--- Exercise requirements ---
All of the data below should come back exactly as written, minus its images.

───── Information shown

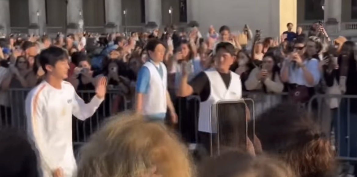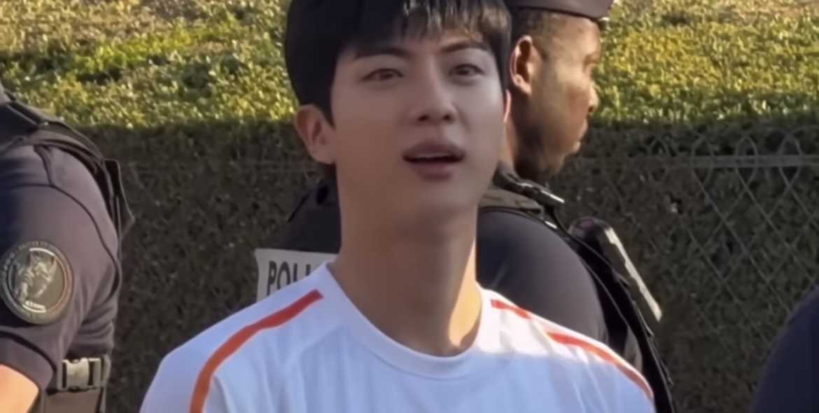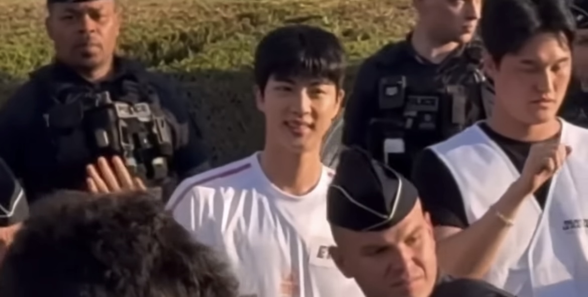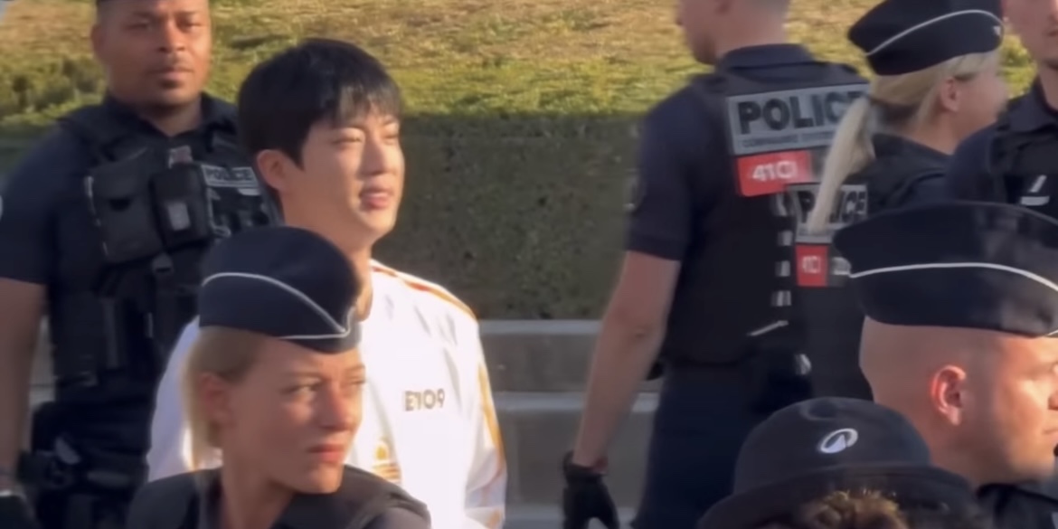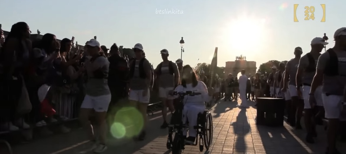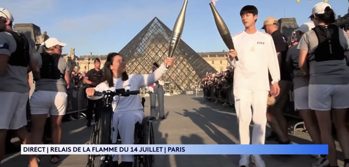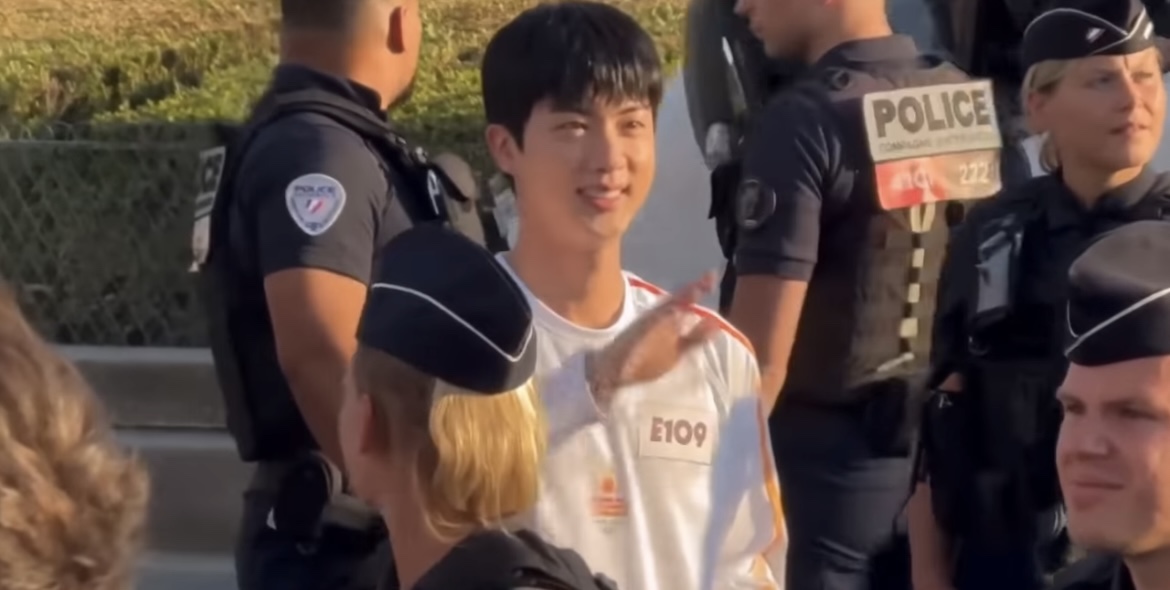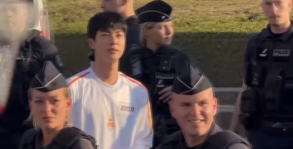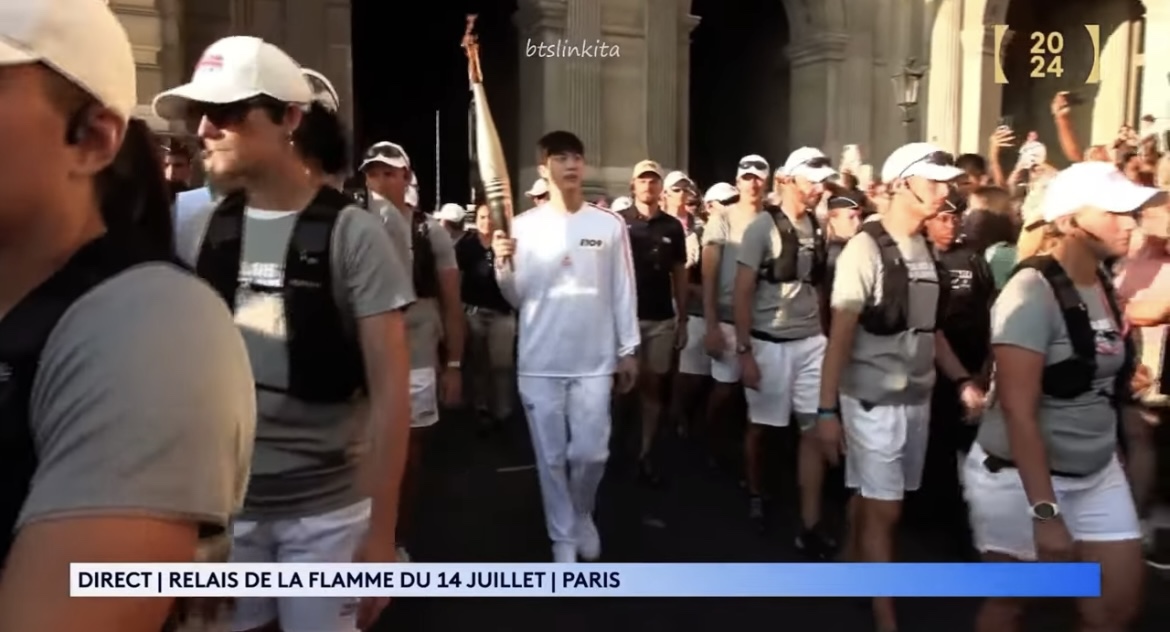 이날 행사는 파리의 아름다운 배경과 함께 진행되었으며, 진은 올림픽 성화를 들고 당당하게 행진했습니다.
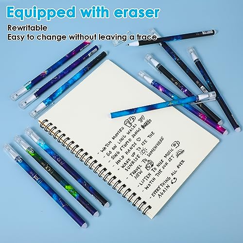 Cobee 12 penne gel cancellabili Constellation con gomma, penne roller cancellabili da 0,5 mm penna a inchiostro gel a punta fine scrittura fluida per scuola ufficio casa (nero)
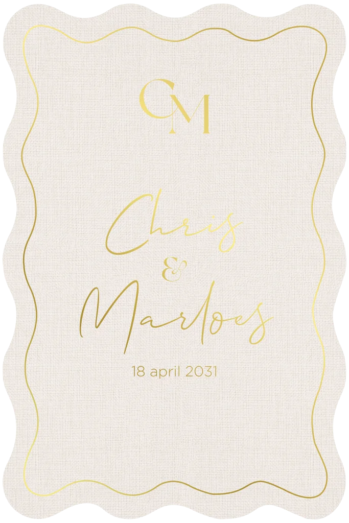 Deze trouwkaart met golfrand, linnenlook en goudfolie is een echte eyectcher. Perfect te combineren met de andere items uit de Pure Linen trouwhuisstijl. De golvende rand geeft een speels detail, terwijl de luxe afwerking zorgt voor een chique uitstraling.

──────────

--- Your response ---
 이날 행사는 파리의 아름다운 배경과 함께 진행되었으며, 진은 올림픽 성화를 들고 당당하게 행진했습니다.
 Cobee 12 penne gel cancellabili Constellation con gomma, penne roller cancellabili da 0,5 mm penna a inchiostro gel a punta fine scrittura fluida per scuola ufficio casa (nero)
 Deze trouwkaart met golfrand, linnenlook en goudfolie is een echte eyectcher. Perfect te combineren met de andere items uit de Pure Linen trouwhuisstijl. De golvende rand geeft een speels detail, terwijl de luxe afwerking zorgt voor een chique uitstraling.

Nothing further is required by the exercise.